- **ACTIVITY**
For the records below, print the lines from the line with "Adorable blonde with" through the line with "本文关于昆明市人民政府重大事" exactly as written; include both end lines and exclude the rest.

- **RECORDS FOR THIS EXERCISE**
↓↓↓
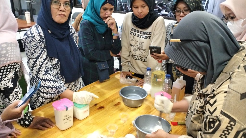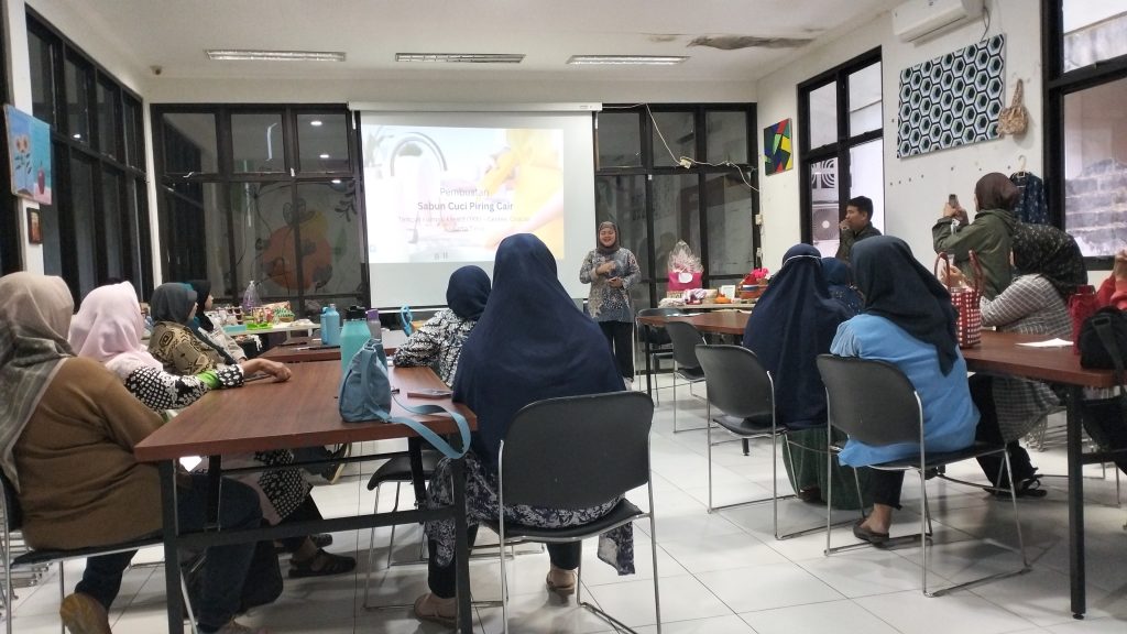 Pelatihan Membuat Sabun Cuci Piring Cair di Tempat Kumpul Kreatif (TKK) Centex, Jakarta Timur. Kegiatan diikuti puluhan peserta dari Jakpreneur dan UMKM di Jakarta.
↑↑↑
↓↓↓
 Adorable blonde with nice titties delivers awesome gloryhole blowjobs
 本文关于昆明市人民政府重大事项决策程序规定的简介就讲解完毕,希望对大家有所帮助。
↑↑↑
↓↓↓
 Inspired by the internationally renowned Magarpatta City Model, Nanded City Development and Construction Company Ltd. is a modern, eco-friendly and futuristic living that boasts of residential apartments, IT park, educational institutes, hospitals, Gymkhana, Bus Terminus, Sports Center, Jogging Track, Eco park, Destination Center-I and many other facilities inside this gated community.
↑↑↑
- **SOLUTION FOR THIS TASK**
 Adorable blonde with nice titties delivers awesome gloryhole blowjobs
 本文关于昆明市人民政府重大事项决策程序规定的简介就讲解完毕,希望对大家有所帮助。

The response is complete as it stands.